The summer vacation season is upon us (at least for those of us in the northern hemisphere), and thus, time for casual, light reading - SOA-style, of course.

A good place to start is to get a high-level perspective of what SOA means, if anything, to the business at large. Service Orient or Be Doomed! , by ZapThink's Ron Schmelzer and Jason Bloomberg, may fill the bill. Don't let the dramatic title fool you, however -- "doom" doesn't necessarily await all those who aren't service orienting. Instead, non-believers probably will be left to fester in their archaic, calcified and siloed processes.
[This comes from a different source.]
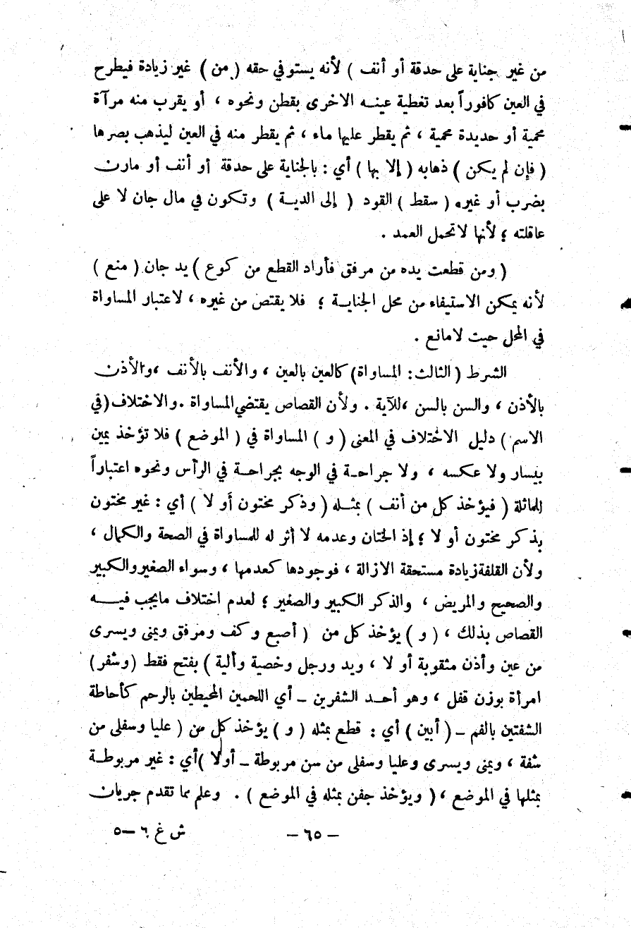 وَالِاخْتِلَافُ (فِي الِاسْمِ) دَلِيلُ الِاخْتِلَافِ فِي الْمَعْنَى (وَ) الْمُسَاوَاةُ فِي (الْمَوْضِعِ) فَلَا تُؤْخَذُ يَمِينٌ بِيَسَارٍ وَلَا عَكْسُهُ، وَلَا جِرَاحَةٌ فِي الْوَجْهِ بِجِرَاحَةٍ فِي الرَّأْسِ وَنَحْوِهِ اعْتِبَارًا لِلْمُمَاثَلَةِ (فَيُؤْخَذُ كُلٌّ مِنْ أَنْفٍ) بِمِثْلِهِ (وَذَكَرٍ مَخْتُونٍ أَوْ لَا) أَيْ: غَيْرِ مَخْتُونٍ بِذَكَرٍ مَخْتُونٍ أَوْ لَا؛ إذْ الْخِتَانُ وَعَدَمُهُ لَا أَثَرَ لَهُ لِلْمُسَاوَاةِ فِي الصِّحَّةِ وَالْكَمَالِ؛ وَلِأَنَّ الْقُلْفَةَ زِيَادَةٌ مُسْتَحِقَّةُ الْإِزَالَةِ، فَوُجُودُهَا كَعَدَمِهَا، وَسَوَاءٌ الصَّغِيرُ وَالْكَبِيرُ وَالصَّحِيحُ وَالْمَرِيضُ، وَالذَّكَرُ الْكَبِيرُ وَالصَّغِيرُ؛ لِعَدَمِ اخْتِلَافِ مَا يَجِبُ فِيهِ الْقِصَاصُ بِذَلِكَ، (وَ) يُؤْخَذُ كُلٌّ مِنْ (أُصْبُعٍ وَكَفٍّ وَمِرْفَقٍ وَيُمْنَى وَيُسْرَى مِنْ عَيْنٍ وَأُذُنٍ مَثْقُوبَةٍ أَوْ لَا، وَيَدٍ وَرِجْلٍ وَخُصْيَةٍ وَأَلْيَةٍ) بِفَتْحٍ فَقَطْ (وَشُفْرِ) امْرَأَةٍ بِوَزْنِ قُفْلٍ، وَهُوَ أَحَدُ الشُّفْرَيْنِ - أَيْ اللَّحْمَيْنِ الْمُحِيطَيْنِ بِالرَّحِمِ كَإِحَاطَةِ الشَّفَتَيْنِ بِالْفَمِ - (أُبِينَ) أَيْ: قُطِعَ بِمِثْلِهِ (وَ) يُؤْخَذُ كُلٌّ مِنْ (عُلْيَا وَسُفْلَى مِنْ شَفَةٍ، وَيُمْنَى وَيُسْرَى وَعُلْيَا وَسُفْلَى مِنْ سِنٍّ مَرْبُوطَةٍ - أَوْ لَا) أَيْ: غَيْرِ مَرْبُوطَةٍ بِمِثْلِهَا فِي الْمَوْضِعِ، (وَيُؤْخَذُ جَفْنٌ بِمِثْلِهِ فِي الْمَوْضِعِ) .

In the book, the authors discuss what they call the "secret sauce" of SOA, which is loose coupling. They describe the concept as akin to making every interaction with and between IT systems as easy as surfing the Web. "What if any step in any business process could take advantage of loose coupling to the point that not only human-to-computer interactions had it this easy, forgiving nature, but computer-to-computer interactions did as well? That's the power behind service orientation."

Power indeed. The authors optimistically observe that with an SOA focus, IT can play a role in more strategic business endeavors. For example, a telecom company may offer consumers that ability to pick and choose their own bundles of services. Traditionally, IT has always been regarded as a cost center, serving a tactical role. Even when things did evolve to where IT made competitive new business models possible - such as Websites and e-commerce - the differentiation was quickly lost, because every company could build such capabilities.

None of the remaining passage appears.